Data for processing:
----
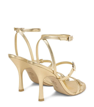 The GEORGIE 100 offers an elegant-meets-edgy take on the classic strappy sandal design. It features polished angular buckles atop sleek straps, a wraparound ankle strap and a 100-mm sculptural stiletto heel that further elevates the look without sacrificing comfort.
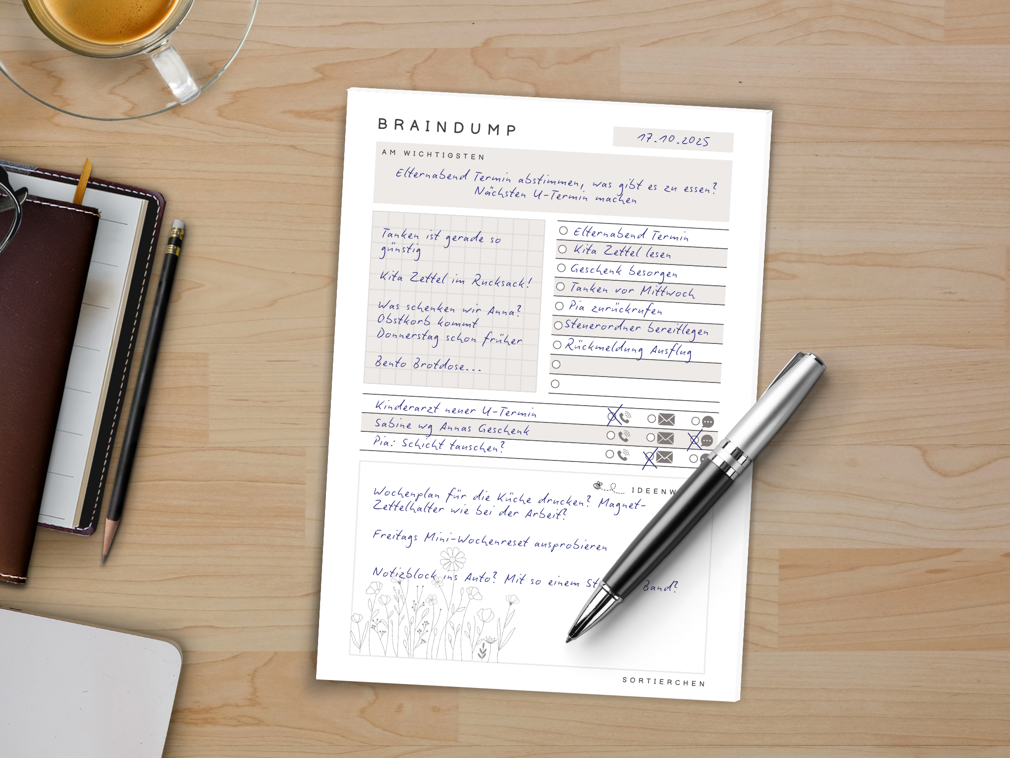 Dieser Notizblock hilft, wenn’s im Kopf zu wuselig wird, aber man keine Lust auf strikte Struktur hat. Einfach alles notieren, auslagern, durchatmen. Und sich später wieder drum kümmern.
----
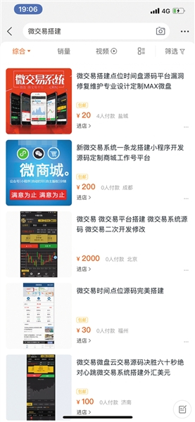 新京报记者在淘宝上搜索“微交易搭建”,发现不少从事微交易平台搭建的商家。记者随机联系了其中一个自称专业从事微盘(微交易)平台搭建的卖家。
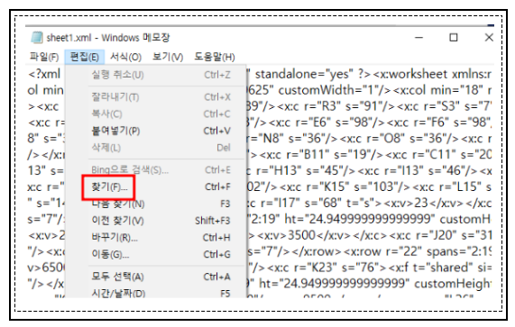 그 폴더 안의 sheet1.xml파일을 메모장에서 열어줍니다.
----
When you reach the line with "The GEORGIE 100" in the records above, start writing out each line exactly, and stop after the line with "Dieser Notizblock hilft, wenn’s". Pictures stay out.

 The GEORGIE 100 offers an elegant-meets-edgy take on the classic strappy sandal design. It features polished angular buckles atop sleek straps, a wraparound ankle strap and a 100-mm sculptural stiletto heel that further elevates the look without sacrificing comfort.
 Dieser Notizblock hilft, wenn’s im Kopf zu wuselig wird, aber man keine Lust auf strikte Struktur hat. Einfach alles notieren, auslagern, durchatmen. Und sich später wieder drum kümmern.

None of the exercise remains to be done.